192.168.100.155 is a DNS server (linux) with two NICs (internal / external view),
both NICs in the same subnet / braodcast domain.
Both servers are virtualized (VMWare ESX4).

Everything works without problems. Me surprises only these arp messages.
Does FreeBSD have problems with the virtual Switch VMWare?

Thanks for each assistance.

parcival


----------



## SirDice (Apr 26, 2010)

parcival said:
			
		

> 192.168.100.155 is a DNS server (linux) with two NICs (internal / external view), both NICs in the same subnet / braodcast domain.

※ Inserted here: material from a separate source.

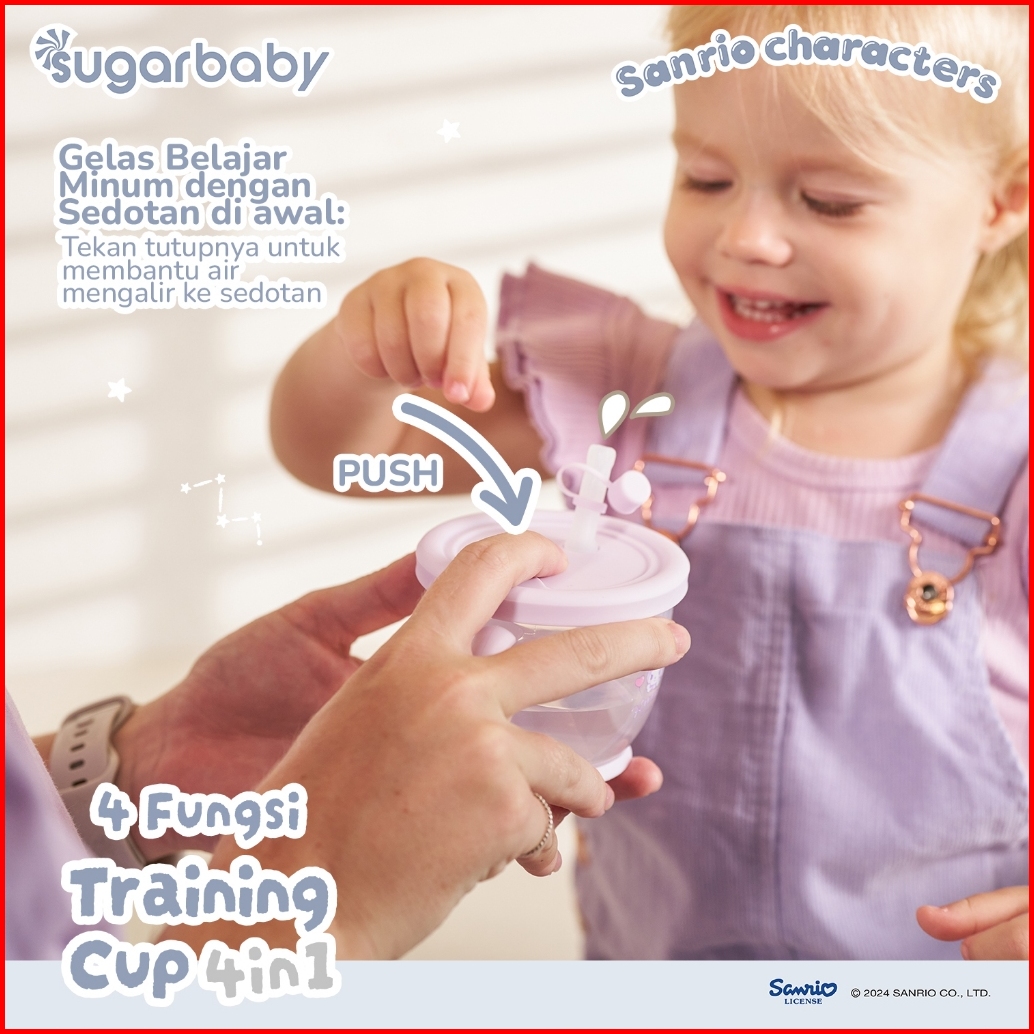 Sugarbaby Training Cup 4in1 Sanrio Collection Gelas Anak Bpa Free Cangkir Bayi Gelas Mpasi Anti Bocor Dan Tumpah Straw T

This is your problem. It's sending data on both interfaces thus moving the IP address from one interface to another (and consequently from one MAC address to another).


----------



## parcival (Apr 26, 2010)

SireDice, thanks for your fast answer.
Can you explain please somewhat more exactly?
What do you mean with send to both NICs? (braodcast ?)

In the resolve.conf (FreeBSD) there is only this entry

nameserver	192.168.100.155 -> internal view

It gives here still another few linux server, which does not have these arp message.

What can i do (FreeBSD)?

thx


----------



## SirDice (Apr 26, 2010)

parcival said:
			
		

> Can you explain please somewhat more exactly?
> What do you mean with send to both NICs? (braodcast ?)


Both interfaces are on the same subnet. When data comes in, gets processed and sent out, the system has no idea which of the two interfaces the original request came in on. Most likely it will send the data out in a round-robin fashion. InterfaceA, interfaceB, interfaceA, interfaceB etc. When that happens the source MAC address changes, the data get's sent out a different interface. This is what arp is telling you. It detected a source IPaddrA with source MACaddrB instead of MACaddrA.



> What can i do (FreeBSD)?


Nothing, because the 'problem' isn't on your FreeBSD box.


----------



## parcival (Apr 26, 2010)

SireDice, thanks for the good explanation.
Then the question arises, how i make at the best with the DNS server?
I remove the second NIC and provide one IP alias on the first NIC.

thx


----------